Constituency details
- Country: India
- Region: South India
- State: Andhra Pradesh
- District: Prakasam
- Lok Sabha constituency: Bapatla
- Established: 1978
- Abolished: 2008
- Total electors: 142,411 (2004)
- Reservation: None

= Martur Assembly constituency =

Defunct Legislative Assembly constituency in Andhra Pradesh, India

Martur was one of the 294 Legislative Assembly constituencies of Andhra Pradesh in India. It was in Prakasam district, and was dissolved before the 2009 elections.
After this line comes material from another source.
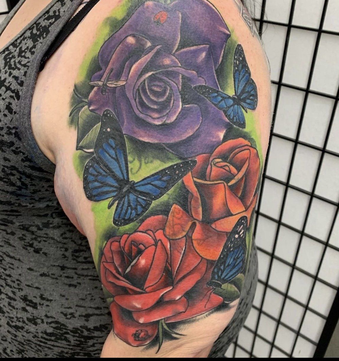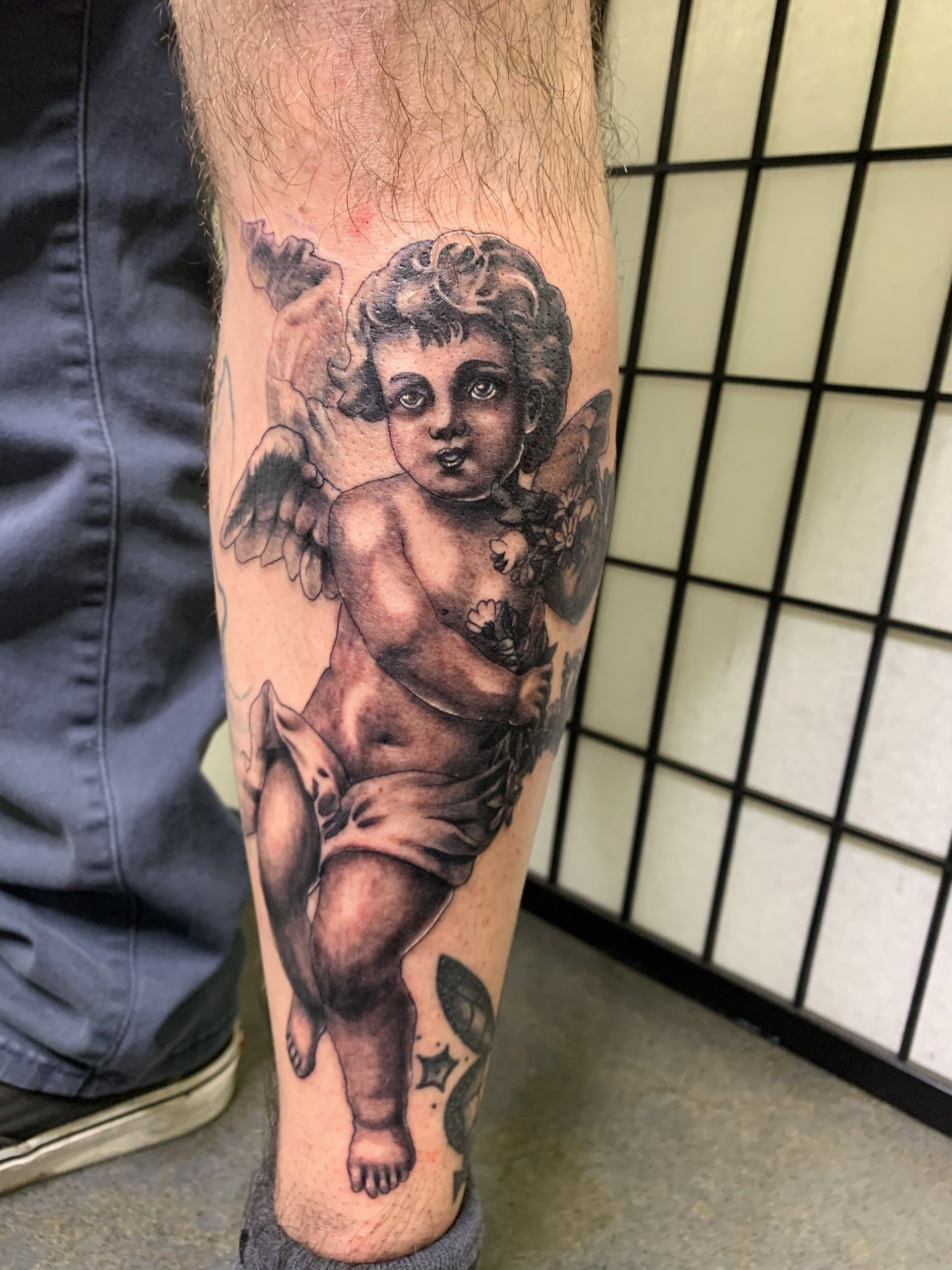 He specializes in single-needle tattooing, black and grey portrait style tattooing, and many more. He's been with Fat Cat Tattoo for 18 years.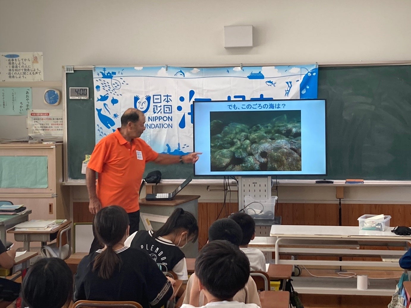 まずは地元鳥取の海のことを知ってもらうため、藻場を知るための勉強会を実施しました。地元のきれいな海には多様な海藻が群生する「藻場」が存在しており、「藻場」は①魚貝類の産卵場、②稚魚の保育場、③餌の提供、④餌となる生物の提供、⑤水質の浄化、⑥二酸化炭素の吸収、⑦酸素の放出といった様々な役割があり、「藻場」が無くなると魚の住処がなくなるため、漁業にも深刻な影響がでてきます。その「藻場」がムラサキウニの大量発生により消滅の危機に瀕しているという現状について、スライドで実際の海の様子を示しながら児童たちに説明しました。

Most of its area is now in Parchur Assembly constituency and Addanki Assembly constituency.

==History of the constituency==
Martur Assembly Constituency was first created for the 1955 Andhra State Assembly elections and existed until 1967, abolished in the Delimitation Act 1961. It was again reformed in the 1978 Assembly elections and existed until the 2008 delimitation. After passing of the Delimitation of Parliamentary and Assembly Constituencies Order, 1976, its extent was the Martur and Kommalapadu firkas in Addanki taluk, Marella firka, Tammalur, Sankarapuram, Avisanavaripalem, Polavaram, Pedaravipad, Vempadu, Mundlamur, Malkapuram villages
in Tallur firka of Darsi taluk. It was abolished due to the Delimitation of Parliamentary and Assembly Constituencies Order, 2008 and hence was defunct as of the 2009 Andhra Pradesh Legislative Assembly election.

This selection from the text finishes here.